_Activity:_ What is needed is an exact copy of every entry below, minus the images.

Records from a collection

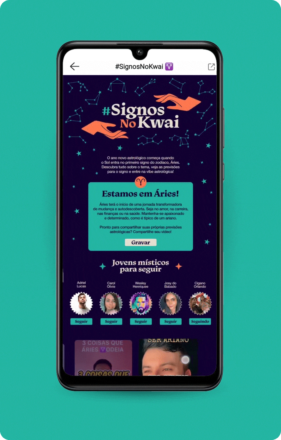 A project by Kwai Brasil Operations Team to bring more content about Zodiac. I was responsible for creating the KV and building the landing page (H5)
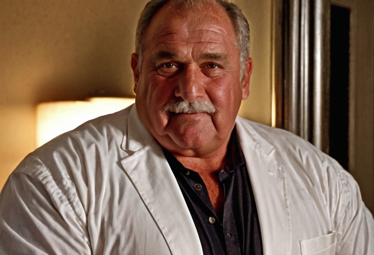 romantic flirty expression, intimate, cinematic hazey atmosphere, photograph, romantic movie scene, old mature man, old musclechub daddy, tanned skin, sweaty skin, sweating, oily skin, doublechin, handsome chubby old face, gentle smile, white latex undershirt muslceshirt tanktop, in a dark office at night, nighttime, dim, janitor, hobo, construction worker, trucker, brute, wise, barbarian, berserker, leader, boss, ((flexing his massive biceps, tanned old bodybuilder))
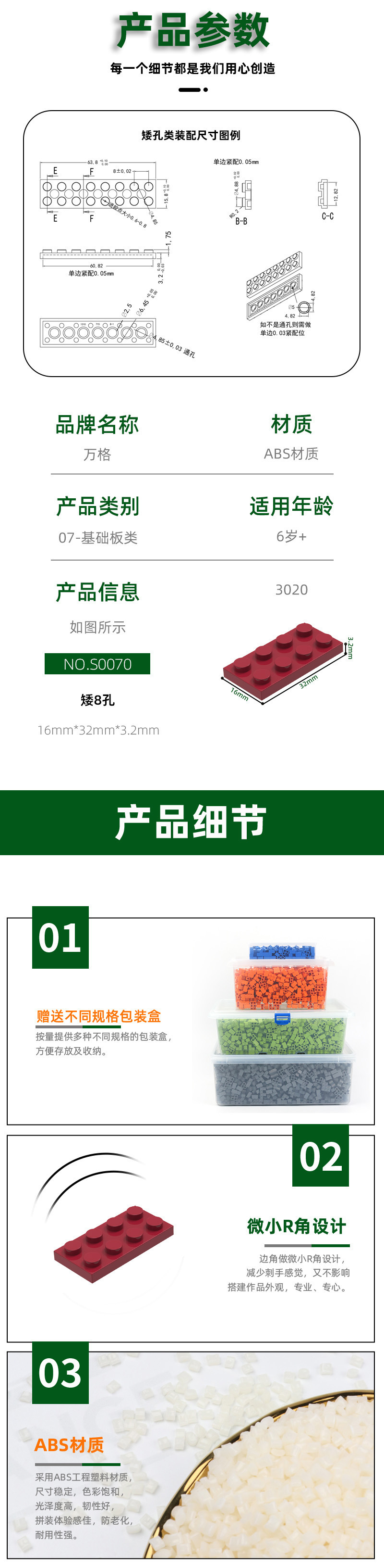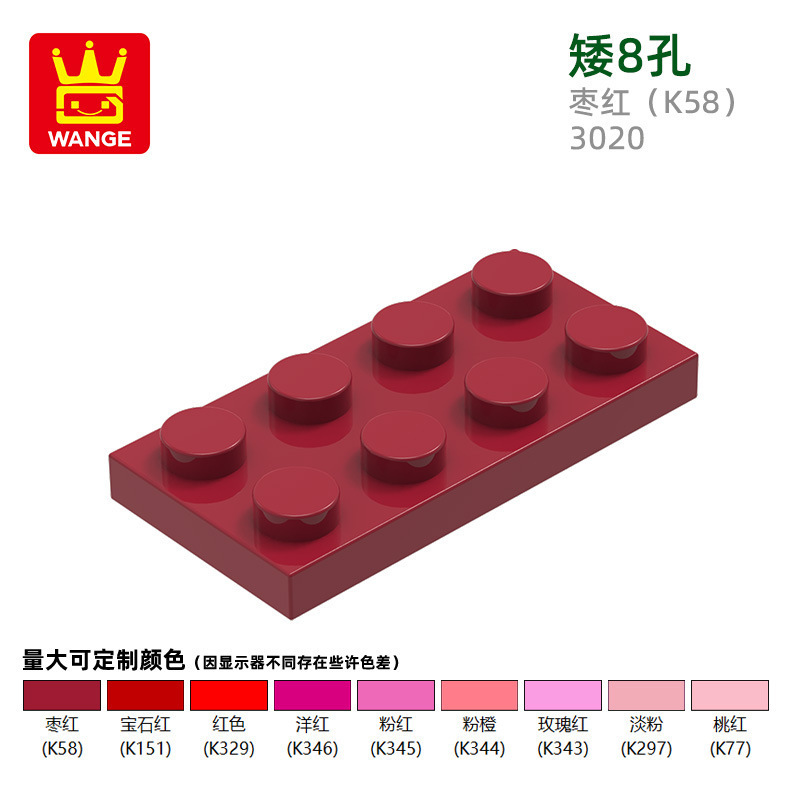 Wange는 3020 조립 부품과 호환되는 작은 입자 국내 빌딩 블록 전문 공급업체입니다. 낮은 8 홀 장난감 액세서리 도매스토어 가기
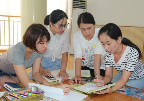 为了进一步加强我园课程建设,深入推进课程游戏化实施,助力教师专业成长,使教研活动更具针对性、实效性,2018年9月17日,龙虎塘街道中心幼儿园开展了主题为“走进生成课程,走近儿童世界”的园本培训活动。 本次活动由张静主任主持。活动前期,主持人将所有教师分成6组,组成不同的学习共同体:经验丰富的成熟型教师、中坚力量的发展型教师、有力求上进的年轻教师……大家前期查阅资料,积极准备。 活动现场,各组成员围绕“生成课程从哪里来?如何进行价值判断?课程推进要从哪几个维度来架构?”等话题展开研讨交流。大家积极阐述自己对生成课程的理解,分享了在开展活动的过程中,孩子们带给老师的惊喜,以及在活动中的感悟和反思。 根据老师们的发言,宋一叶主任边听边抓取关键词进行记录。最后结合主题,给老师们指点明津,明晰“生成课程”的概念,既有理论的引领又有案例的剖析。通过宋主任的精彩讲解,老师们更加明晰了生成课程的内涵,以及教师在生成活动中的角色定位。 深入地学习,为幼儿的参与、为课程的发展,为那些不期而至的教育契机留下了足够的空间。今后,我们将努力使课程寓于过程之中,寓于生成之中,寓于师幼的互动之中,努力迈向属于龙幼,属于孩子们自己的课程。 撰稿:张忧 摄影:张忧 审核:潘雯雯
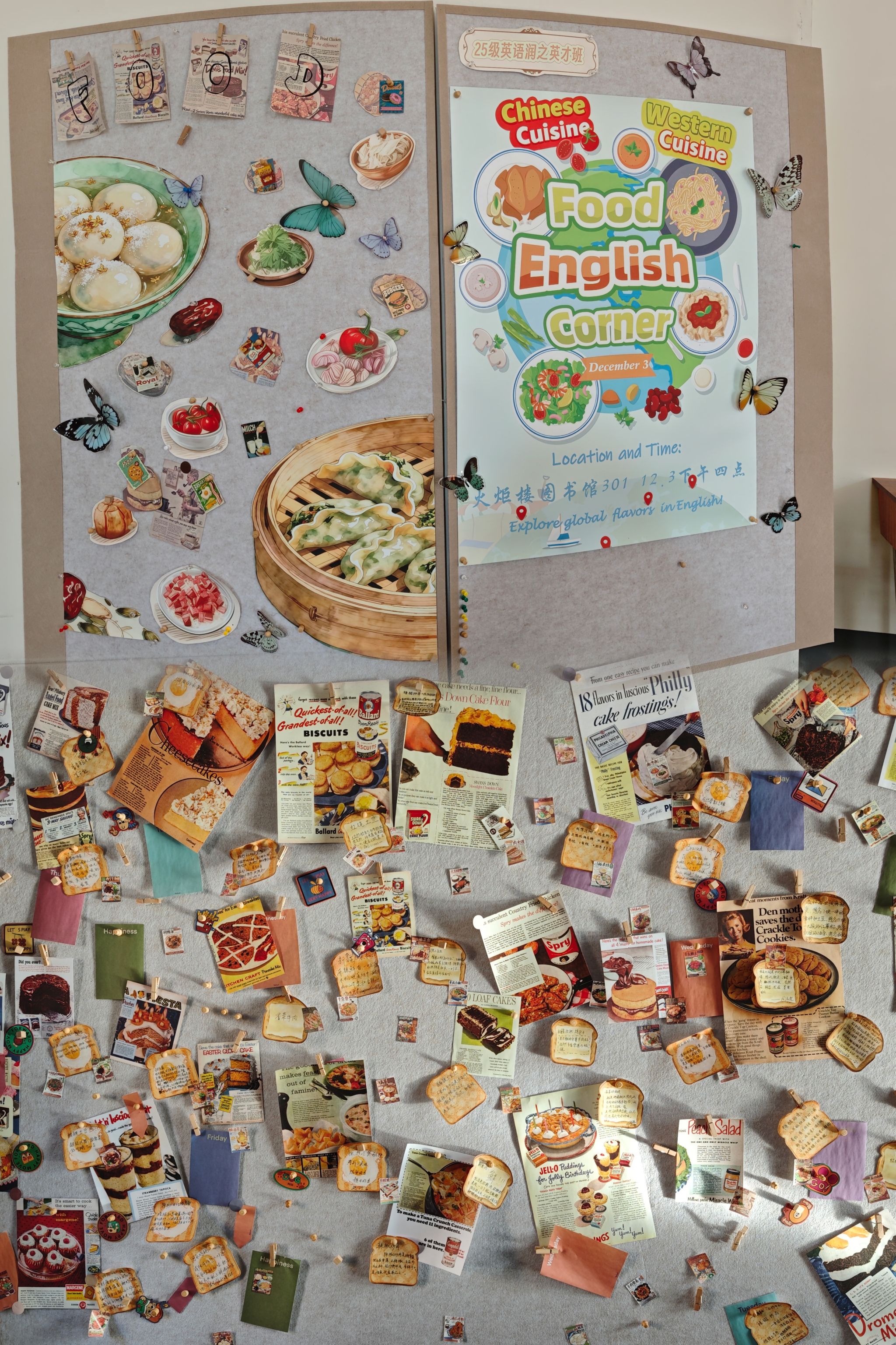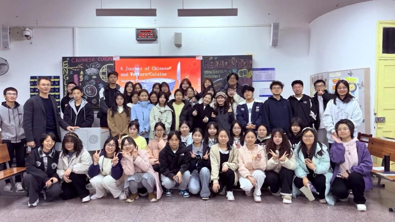 12月3日下午,外国语学院25级英语润之英才班在城南校区图书馆301成功举办“中西美食文化之旅”英语角活动。学院副书记兼班级辅导员戴建宇、副院长陈钰,班主任蒋倩、学业导师李双、贺满足受邀出席,与同学们共同参与这场融合语言实践与文化体验的主题活动。
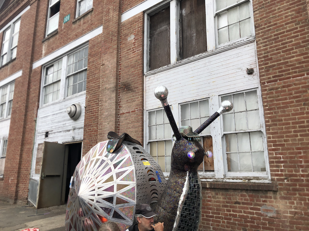 We waved to the dalek guy, which was very lovely to feel like there were lasting connections made beyond small talk. We talked to a woman helping her son run his booth about fringe theater and puppetry, a woman selling upcycled fabric was excited to talk about sewing outreach and efforts to minimize fabric waste, and we talked to many people about Fogtown as well. I was absolutely mesmerized by a booth with ooblek dancing around using the vibration from sets of speakers. It was like a little alien creature.
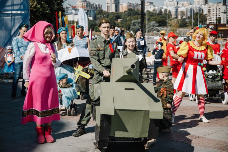 3 место - семья Охливанкиных с коляской "Тяжелая артиллерия" из номинации "Маленький патриот".
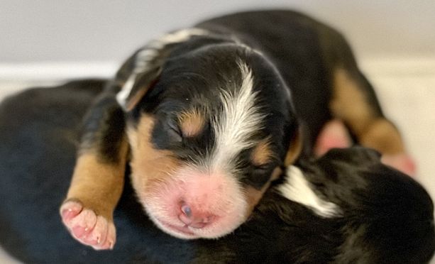 Our Bernedoodle puppies include brown, sable, black and white, tri-color, and phantom. Bernese Mountain Dog puppies are black rust and white. Colors will vary depending on the parent dogs.
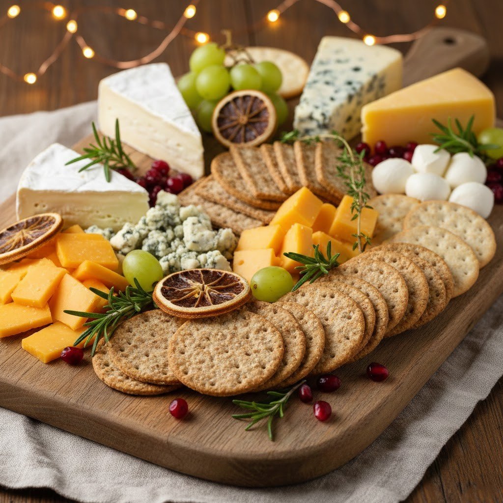 Crackers and cheese, plated together along with other things, is a nice and simple choice. It is more like adding fruits during the seasons can just elevate the whole setup.
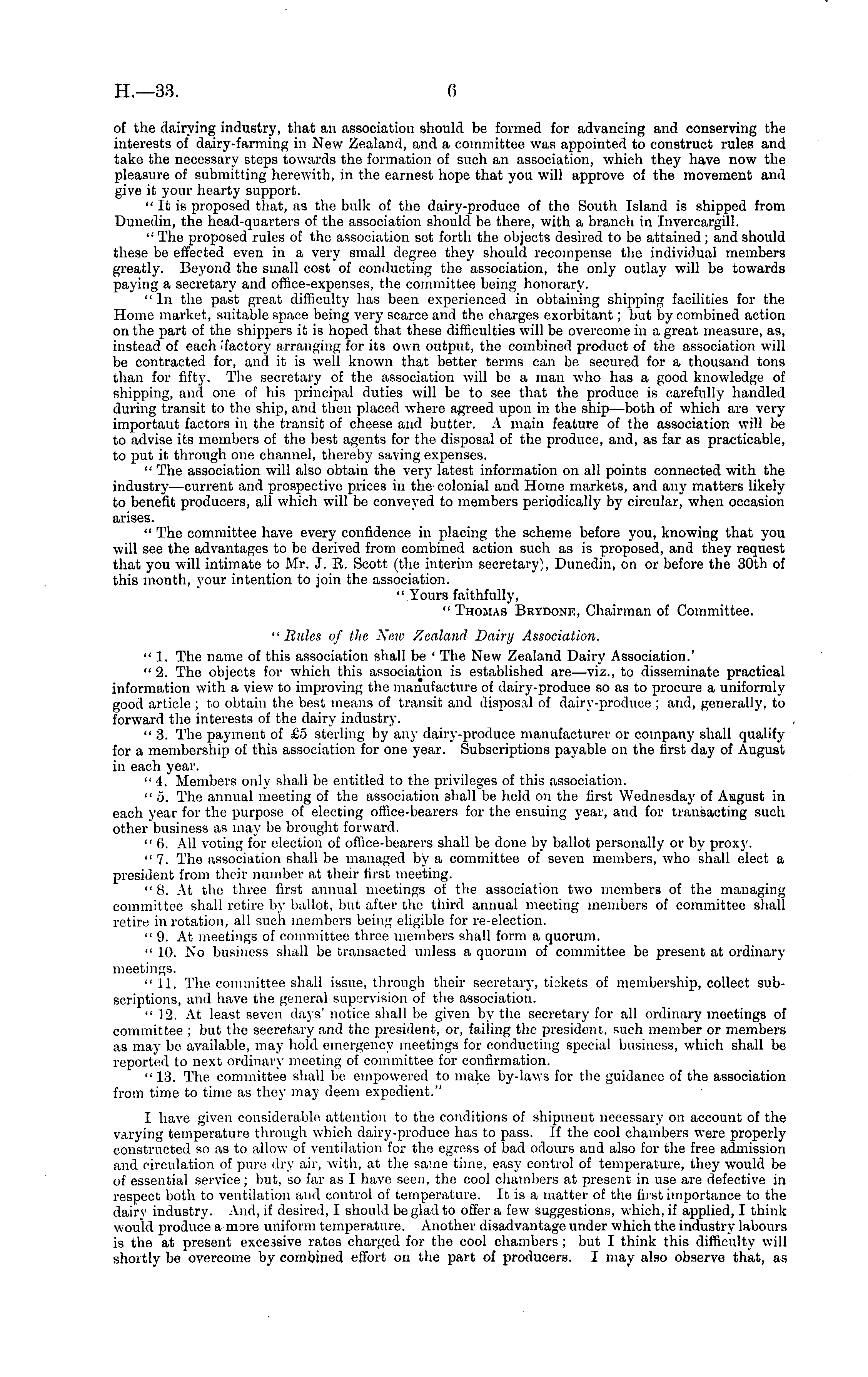 of the dairying industry, that an association should be formed for advancing and conserving the interests of dairy-farming in New Zealand, and a committee was appointed to construct rules and take the necessary steps towards the formation of such an association, which they have now the pleasure of submitting herewith, in the earnest hope that you will approve of the movement and give it your hearty support. " It is proposed that, as the bulk of the dairy-produce of the South Island is shipped from Dunedin, the head-quarters of the association should be there, with a branch in Invercargill. " The proposed rules of the association set forth the objects desired to be attained ; and should these be effected even in a very small degree, they should recompense the individual members greatly. Beyond the small cost of conducting the association, the only outlay will be towards paying a secretary and office-expenses, the committee being honorary. " In the past great difficulty has been experienced in obtaining shipping facilities for the Home market, suitable space being very scarce and the charges exorbitant; but by combined action on the part of the shippers it is hoped that these difficulties will be overcome in a great measure, as, instead of each [factory arranging for its own output, the combined product of the association will be contracted for, and it is well known that better terms can be secured for a thousand tons than for fifty. The secretary of the association will be a man wdio lias a good knowledge of shipping, and one of his principal duties will be to see that the produce is carefully handled during transit to the ship, and then placed where agreed upon in the ship—both of which are very important factors in the transit of cheese and butter. A main feature of the association will be to advise its members of the best agents for the disposal of the produce, and, as far as practicable, to put it through one channel, thereby saving expenses. " The association wall also obtain the very latest information on all points connected with the industry —current and prospective! prices in the colonial and Home markets, and any matters likely to benefit producers, all which will be conveyed to members periodically by circular, when occasion arises. " The committee have every confidence in placing the scheme before you, knowing that you will see the advantages to be derived from combined action such as is proposed, and they request that you will intimate to Mr. J. B. Scott (the interim secretary), Dunedin, on or before the 30th of this month, your intention to join the association. " Yours faithfully, " Thomas Brydone, Chairman of Committee. " Rules of the New Zealand Dairy Association. " 1. The name of this association shall be ' The New Zealand Dairy Association.' " 2. The objects for which this association is established are—viz., to disseminate practical information with a view to improving the manufacture of dairy-produce so as to procure a uniformly good article ; to obtain the best means of transit and disposal of dairy-produce; and, generally, to forward the interests of the dairy industry. " 3. The payment of £5 sterling by any dairy-produce manufacturer or company shall qualify for a membership of this association for one year. Subscriptions payable on the first day of August in each year. "4. Members only shall be entitled to the privileges of this association. " 5. The annual meeting of the association shall be held on the first Wednesday of August in each year for the purpose of electing office-bearers for the ensuing year, and for transacting such other business as may be brought forward. " 6. All voting for election of office-bearers shall be done by ballot personally or by proxy. " 7. The association shall be managed by a committee of seven members, who shall elect a president from their number at their first meeting. "8. At the three first annual meetings of the association two members of the managing committee shall retire by ballot, but alter I lie third annual meeting members of committee shall retire in rotation, all such members being eligible for re-election. " 9. At meetings of committee three members shall form a quorum. " 10. No business shall be transacted unless a quorum of committee be present at ordinary meetings. " 11. The committee shall issue, through their secretary, tickets of membership, collect subscriptions, and have the general supervision of the association. " 12. At least seven days' notice shall be given by the secretary for all ordinary meetings of committee ; but the secretary and the president, or, failing the president, such member or members as may be available, may hold emergency meetings for conducting special business, which shall be reported to next ordinary meeting of committee for confirmation. " 13. The committee shall be empowered to make by-laws for the guidance of the association from time to time as they ma\ deem expedient." I have given considerable attention to the conditions of shipment necessary on account of the varying temperature through which dairy-produce has to pass. If the cool chambers were properly constructed so as to allow of ventilation for the egress of bad odours and also for the free admission and circulation of pure dry air, with, at the same time, easy control of temperature, they would be of essential service; but, so far as I have seen, the cool chambers at present in use are defective in respect both to ventilation and control of temperature;. It is a matter of the first importance to the dairy industry. And, if desired, I should be glad to offer a few suggestions, which, if applied, I think would produce a more uniform temperature. Another disadvantage under which the industry labours is the at present excessive rates charged for the cool chambers ; but I think this difficulty will shortly be overcome by combined effort on the part of producers. I may also observe that, as
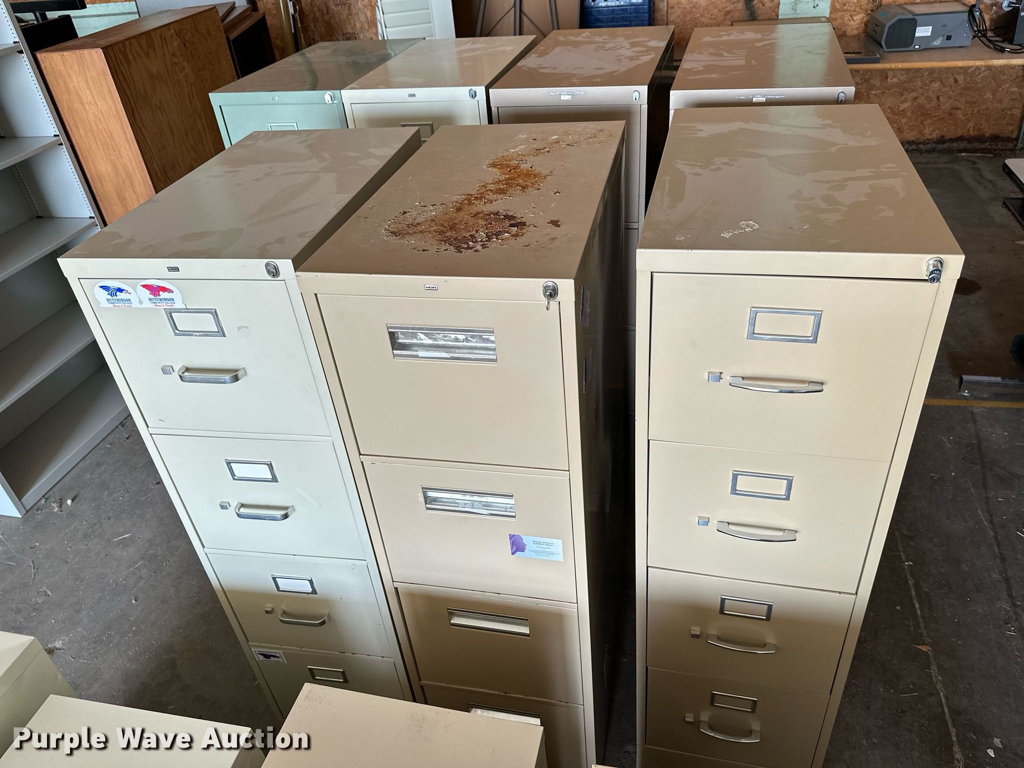 Purple Wave is selling a used Office Supplies and Equip. in Kansas. This item is a (14) file cabinets with the following: (7) 2 drawer, (7) 4 drawer

_Output of the task:_
 A project by Kwai Brasil Operations Team to bring more content about Zodiac. I was responsible for creating the KV and building the landing page (H5)
 romantic flirty expression, intimate, cinematic hazey atmosphere, photograph, romantic movie scene, old mature man, old musclechub daddy, tanned skin, sweaty skin, sweating, oily skin, doublechin, handsome chubby old face, gentle smile, white latex undershirt muslceshirt tanktop, in a dark office at night, nighttime, dim, janitor, hobo, construction worker, trucker, brute, wise, barbarian, berserker, leader, boss, ((flexing his massive biceps, tanned old bodybuilder))
 Wange는 3020 조립 부품과 호환되는 작은 입자 국내 빌딩 블록 전문 공급업체입니다. 낮은 8 홀 장난감 액세서리 도매스토어 가기
 为了进一步加强我园课程建设,深入推进课程游戏化实施,助力教师专业成长,使教研活动更具针对性、实效性,2018年9月17日,龙虎塘街道中心幼儿园开展了主题为“走进生成课程,走近儿童世界”的园本培训活动。 本次活动由张静主任主持。活动前期,主持人将所有教师分成6组,组成不同的学习共同体:经验丰富的成熟型教师、中坚力量的发展型教师、有力求上进的年轻教师……大家前期查阅资料,积极准备。 活动现场,各组成员围绕“生成课程从哪里来?如何进行价值判断?课程推进要从哪几个维度来架构?”等话题展开研讨交流。大家积极阐述自己对生成课程的理解,分享了在开展活动的过程中,孩子们带给老师的惊喜,以及在活动中的感悟和反思。 根据老师们的发言,宋一叶主任边听边抓取关键词进行记录。最后结合主题,给老师们指点明津,明晰“生成课程”的概念,既有理论的引领又有案例的剖析。通过宋主任的精彩讲解,老师们更加明晰了生成课程的内涵,以及教师在生成活动中的角色定位。 深入地学习,为幼儿的参与、为课程的发展,为那些不期而至的教育契机留下了足够的空间。今后,我们将努力使课程寓于过程之中,寓于生成之中,寓于师幼的互动之中,努力迈向属于龙幼,属于孩子们自己的课程。 撰稿:张忧 摄影:张忧 审核:潘雯雯
 12月3日下午,外国语学院25级英语润之英才班在城南校区图书馆301成功举办“中西美食文化之旅”英语角活动。学院副书记兼班级辅导员戴建宇、副院长陈钰,班主任蒋倩、学业导师李双、贺满足受邀出席,与同学们共同参与这场融合语言实践与文化体验的主题活动。
 We waved to the dalek guy, which was very lovely to feel like there were lasting connections made beyond small talk. We talked to a woman helping her son run his booth about fringe theater and puppetry, a woman selling upcycled fabric was excited to talk about sewing outreach and efforts to minimize fabric waste, and we talked to many people about Fogtown as well. I was absolutely mesmerized by a booth with ooblek dancing around using the vibration from sets of speakers. It was like a little alien creature.
 3 место - семья Охливанкиных с коляской "Тяжелая артиллерия" из номинации "Маленький патриот".
 Our Bernedoodle puppies include brown, sable, black and white, tri-color, and phantom. Bernese Mountain Dog puppies are black rust and white. Colors will vary depending on the parent dogs.
 Crackers and cheese, plated together along with other things, is a nice and simple choice. It is more like adding fruits during the seasons can just elevate the whole setup.
 of the dairying industry, that an association should be formed for advancing and conserving the interests of dairy-farming in New Zealand, and a committee was appointed to construct rules and take the necessary steps towards the formation of such an association, which they have now the pleasure of submitting herewith, in the earnest hope that you will approve of the movement and give it your hearty support. " It is proposed that, as the bulk of the dairy-produce of the South Island is shipped from Dunedin, the head-quarters of the association should be there, with a branch in Invercargill. " The proposed rules of the association set forth the objects desired to be attained ; and should these be effected even in a very small degree, they should recompense the individual members greatly. Beyond the small cost of conducting the association, the only outlay will be towards paying a secretary and office-expenses, the committee being honorary. " In the past great difficulty has been experienced in obtaining shipping facilities for the Home market, suitable space being very scarce and the charges exorbitant; but by combined action on the part of the shippers it is hoped that these difficulties will be overcome in a great measure, as, instead of each [factory arranging for its own output, the combined product of the association will be contracted for, and it is well known that better terms can be secured for a thousand tons than for fifty. The secretary of the association will be a man wdio lias a good knowledge of shipping, and one of his principal duties will be to see that the produce is carefully handled during transit to the ship, and then placed where agreed upon in the ship—both of which are very important factors in the transit of cheese and butter. A main feature of the association will be to advise its members of the best agents for the disposal of the produce, and, as far as practicable, to put it through one channel, thereby saving expenses. " The association wall also obtain the very latest information on all points connected with the industry —current and prospective! prices in the colonial and Home markets, and any matters likely to benefit producers, all which will be conveyed to members periodically by circular, when occasion arises. " The committee have every confidence in placing the scheme before you, knowing that you will see the advantages to be derived from combined action such as is proposed, and they request that you will intimate to Mr. J. B. Scott (the interim secretary), Dunedin, on or before the 30th of this month, your intention to join the association. " Yours faithfully, " Thomas Brydone, Chairman of Committee. " Rules of the New Zealand Dairy Association. " 1. The name of this association shall be ' The New Zealand Dairy Association.' " 2. The objects for which this association is established are—viz., to disseminate practical information with a view to improving the manufacture of dairy-produce so as to procure a uniformly good article ; to obtain the best means of transit and disposal of dairy-produce; and, generally, to forward the interests of the dairy industry. " 3. The payment of £5 sterling by any dairy-produce manufacturer or company shall qualify for a membership of this association for one year. Subscriptions payable on the first day of August in each year. "4. Members only shall be entitled to the privileges of this association. " 5. The annual meeting of the association shall be held on the first Wednesday of August in each year for the purpose of electing office-bearers for the ensuing year, and for transacting such other business as may be brought forward. " 6. All voting for election of office-bearers shall be done by ballot personally or by proxy. " 7. The association shall be managed by a committee of seven members, who shall elect a president from their number at their first meeting. "8. At the three first annual meetings of the association two members of the managing committee shall retire by ballot, but alter I lie third annual meeting members of committee shall retire in rotation, all such members being eligible for re-election. " 9. At meetings of committee three members shall form a quorum. " 10. No business shall be transacted unless a quorum of committee be present at ordinary meetings. " 11. The committee shall issue, through their secretary, tickets of membership, collect subscriptions, and have the general supervision of the association. " 12. At least seven days' notice shall be given by the secretary for all ordinary meetings of committee ; but the secretary and the president, or, failing the president, such member or members as may be available, may hold emergency meetings for conducting special business, which shall be reported to next ordinary meeting of committee for confirmation. " 13. The committee shall be empowered to make by-laws for the guidance of the association from time to time as they ma\ deem expedient." I have given considerable attention to the conditions of shipment necessary on account of the varying temperature through which dairy-produce has to pass. If the cool chambers were properly constructed so as to allow of ventilation for the egress of bad odours and also for the free admission and circulation of pure dry air, with, at the same time, easy control of temperature, they would be of essential service; but, so far as I have seen, the cool chambers at present in use are defective in respect both to ventilation and control of temperature;. It is a matter of the first importance to the dairy industry. And, if desired, I should be glad to offer a few suggestions, which, if applied, I think would produce a more uniform temperature. Another disadvantage under which the industry labours is the at present excessive rates charged for the cool chambers ; but I think this difficulty will shortly be overcome by combined effort on the part of producers. I may also observe that, as
 Purple Wave is selling a used Office Supplies and Equip. in Kansas. This item is a (14) file cabinets with the following: (7) 2 drawer, (7) 4 drawer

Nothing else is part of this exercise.